Stored items
-- Opening Marker --

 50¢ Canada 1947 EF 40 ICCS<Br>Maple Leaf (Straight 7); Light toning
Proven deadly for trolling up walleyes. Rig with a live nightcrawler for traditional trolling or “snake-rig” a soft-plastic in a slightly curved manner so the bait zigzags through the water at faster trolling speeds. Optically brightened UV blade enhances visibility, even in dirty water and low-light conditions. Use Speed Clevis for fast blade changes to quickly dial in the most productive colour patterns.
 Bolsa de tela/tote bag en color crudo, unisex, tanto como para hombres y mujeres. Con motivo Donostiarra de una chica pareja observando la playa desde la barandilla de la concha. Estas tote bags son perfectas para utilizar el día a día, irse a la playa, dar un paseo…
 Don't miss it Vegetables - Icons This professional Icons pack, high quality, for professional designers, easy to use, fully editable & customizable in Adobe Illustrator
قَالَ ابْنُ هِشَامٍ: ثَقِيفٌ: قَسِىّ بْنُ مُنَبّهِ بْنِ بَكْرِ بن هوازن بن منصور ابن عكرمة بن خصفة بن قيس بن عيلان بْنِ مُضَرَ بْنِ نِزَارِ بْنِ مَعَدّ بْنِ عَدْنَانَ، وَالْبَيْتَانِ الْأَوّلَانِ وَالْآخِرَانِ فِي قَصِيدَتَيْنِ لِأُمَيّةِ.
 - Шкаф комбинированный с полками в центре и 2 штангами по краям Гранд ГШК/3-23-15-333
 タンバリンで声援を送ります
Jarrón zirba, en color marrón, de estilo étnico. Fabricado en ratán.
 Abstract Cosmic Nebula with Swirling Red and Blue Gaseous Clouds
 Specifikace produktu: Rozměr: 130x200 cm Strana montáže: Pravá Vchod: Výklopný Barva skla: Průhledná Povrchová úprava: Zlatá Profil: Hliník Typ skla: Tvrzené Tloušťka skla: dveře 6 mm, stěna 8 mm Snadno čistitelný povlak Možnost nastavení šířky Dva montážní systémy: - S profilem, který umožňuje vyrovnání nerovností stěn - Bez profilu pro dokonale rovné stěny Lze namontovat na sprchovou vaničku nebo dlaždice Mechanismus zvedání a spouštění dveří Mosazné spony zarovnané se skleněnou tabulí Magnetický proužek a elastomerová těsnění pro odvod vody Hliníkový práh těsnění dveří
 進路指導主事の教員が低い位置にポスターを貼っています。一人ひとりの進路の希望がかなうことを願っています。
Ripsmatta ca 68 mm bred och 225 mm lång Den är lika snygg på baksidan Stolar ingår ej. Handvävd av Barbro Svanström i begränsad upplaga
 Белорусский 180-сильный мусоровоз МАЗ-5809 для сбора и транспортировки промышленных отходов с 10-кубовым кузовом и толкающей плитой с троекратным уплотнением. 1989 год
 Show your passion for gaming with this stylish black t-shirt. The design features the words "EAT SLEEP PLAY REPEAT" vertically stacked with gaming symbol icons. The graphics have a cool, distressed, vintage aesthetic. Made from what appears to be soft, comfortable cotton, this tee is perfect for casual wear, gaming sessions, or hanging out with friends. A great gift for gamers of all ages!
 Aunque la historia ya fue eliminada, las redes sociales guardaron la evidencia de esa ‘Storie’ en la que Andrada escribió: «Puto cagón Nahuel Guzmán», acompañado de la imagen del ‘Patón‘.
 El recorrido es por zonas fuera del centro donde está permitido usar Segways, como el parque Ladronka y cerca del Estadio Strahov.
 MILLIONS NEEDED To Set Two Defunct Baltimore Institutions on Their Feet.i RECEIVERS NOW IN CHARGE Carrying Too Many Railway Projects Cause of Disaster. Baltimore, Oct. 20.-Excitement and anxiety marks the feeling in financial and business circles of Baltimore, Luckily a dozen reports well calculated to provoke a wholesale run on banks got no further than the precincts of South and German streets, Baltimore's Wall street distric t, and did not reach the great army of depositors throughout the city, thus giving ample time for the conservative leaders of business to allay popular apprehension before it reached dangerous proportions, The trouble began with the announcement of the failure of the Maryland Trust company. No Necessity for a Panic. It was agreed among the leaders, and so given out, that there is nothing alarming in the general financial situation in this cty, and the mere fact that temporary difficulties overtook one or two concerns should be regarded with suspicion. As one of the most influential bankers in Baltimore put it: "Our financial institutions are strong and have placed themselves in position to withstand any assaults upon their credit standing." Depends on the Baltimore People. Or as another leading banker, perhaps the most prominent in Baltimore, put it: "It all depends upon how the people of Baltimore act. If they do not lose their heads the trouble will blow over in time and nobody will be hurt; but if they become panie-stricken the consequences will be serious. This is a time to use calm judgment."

-- Closing Marker --

### WORK TO COMPLETE
Your task is to copy every entry above, exactly as written.

### SOLUTION TO THE EXERCISE
 50¢ Canada 1947 EF 40 ICCS<Br>Maple Leaf (Straight 7); Light toning
Proven deadly for trolling up walleyes. Rig with a live nightcrawler for traditional trolling or “snake-rig” a soft-plastic in a slightly curved manner so the bait zigzags through the water at faster trolling speeds. Optically brightened UV blade enhances visibility, even in dirty water and low-light conditions. Use Speed Clevis for fast blade changes to quickly dial in the most productive colour patterns.
 Bolsa de tela/tote bag en color crudo, unisex, tanto como para hombres y mujeres. Con motivo Donostiarra de una chica pareja observando la playa desde la barandilla de la concha. Estas tote bags son perfectas para utilizar el día a día, irse a la playa, dar un paseo…
 Don't miss it Vegetables - Icons This professional Icons pack, high quality, for professional designers, easy to use, fully editable & customizable in Adobe Illustrator
قَالَ ابْنُ هِشَامٍ: ثَقِيفٌ: قَسِىّ بْنُ مُنَبّهِ بْنِ بَكْرِ بن هوازن بن منصور ابن عكرمة بن خصفة بن قيس بن عيلان بْنِ مُضَرَ بْنِ نِزَارِ بْنِ مَعَدّ بْنِ عَدْنَانَ، وَالْبَيْتَانِ الْأَوّلَانِ وَالْآخِرَانِ فِي قَصِيدَتَيْنِ لِأُمَيّةِ.
 - Шкаф комбинированный с полками в центре и 2 штангами по краям Гранд ГШК/3-23-15-333
 タンバリンで声援を送ります
Jarrón zirba, en color marrón, de estilo étnico. Fabricado en ratán.
 Abstract Cosmic Nebula with Swirling Red and Blue Gaseous Clouds
 Specifikace produktu: Rozměr: 130x200 cm Strana montáže: Pravá Vchod: Výklopný Barva skla: Průhledná Povrchová úprava: Zlatá Profil: Hliník Typ skla: Tvrzené Tloušťka skla: dveře 6 mm, stěna 8 mm Snadno čistitelný povlak Možnost nastavení šířky Dva montážní systémy: - S profilem, který umožňuje vyrovnání nerovností stěn - Bez profilu pro dokonale rovné stěny Lze namontovat na sprchovou vaničku nebo dlaždice Mechanismus zvedání a spouštění dveří Mosazné spony zarovnané se skleněnou tabulí Magnetický proužek a elastomerová těsnění pro odvod vody Hliníkový práh těsnění dveří
 進路指導主事の教員が低い位置にポスターを貼っています。一人ひとりの進路の希望がかなうことを願っています。
Ripsmatta ca 68 mm bred och 225 mm lång Den är lika snygg på baksidan Stolar ingår ej. Handvävd av Barbro Svanström i begränsad upplaga
 Белорусский 180-сильный мусоровоз МАЗ-5809 для сбора и транспортировки промышленных отходов с 10-кубовым кузовом и толкающей плитой с троекратным уплотнением. 1989 год
 Show your passion for gaming with this stylish black t-shirt. The design features the words "EAT SLEEP PLAY REPEAT" vertically stacked with gaming symbol icons. The graphics have a cool, distressed, vintage aesthetic. Made from what appears to be soft, comfortable cotton, this tee is perfect for casual wear, gaming sessions, or hanging out with friends. A great gift for gamers of all ages!
 Aunque la historia ya fue eliminada, las redes sociales guardaron la evidencia de esa ‘Storie’ en la que Andrada escribió: «Puto cagón Nahuel Guzmán», acompañado de la imagen del ‘Patón‘.
 El recorrido es por zonas fuera del centro donde está permitido usar Segways, como el parque Ladronka y cerca del Estadio Strahov.
 MILLIONS NEEDED To Set Two Defunct Baltimore Institutions on Their Feet.i RECEIVERS NOW IN CHARGE Carrying Too Many Railway Projects Cause of Disaster. Baltimore, Oct. 20.-Excitement and anxiety marks the feeling in financial and business circles of Baltimore, Luckily a dozen reports well calculated to provoke a wholesale run on banks got no further than the precincts of South and German streets, Baltimore's Wall street distric t, and did not reach the great army of depositors throughout the city, thus giving ample time for the conservative leaders of business to allay popular apprehension before it reached dangerous proportions, The trouble began with the announcement of the failure of the Maryland Trust company. No Necessity for a Panic. It was agreed among the leaders, and so given out, that there is nothing alarming in the general financial situation in this cty, and the mere fact that temporary difficulties overtook one or two concerns should be regarded with suspicion. As one of the most influential bankers in Baltimore put it: "Our financial institutions are strong and have placed themselves in position to withstand any assaults upon their credit standing." Depends on the Baltimore People. Or as another leading banker, perhaps the most prominent in Baltimore, put it: "It all depends upon how the people of Baltimore act. If they do not lose their heads the trouble will blow over in time and nobody will be hurt; but if they become panie-stricken the consequences will be serious. This is a time to use calm judgment."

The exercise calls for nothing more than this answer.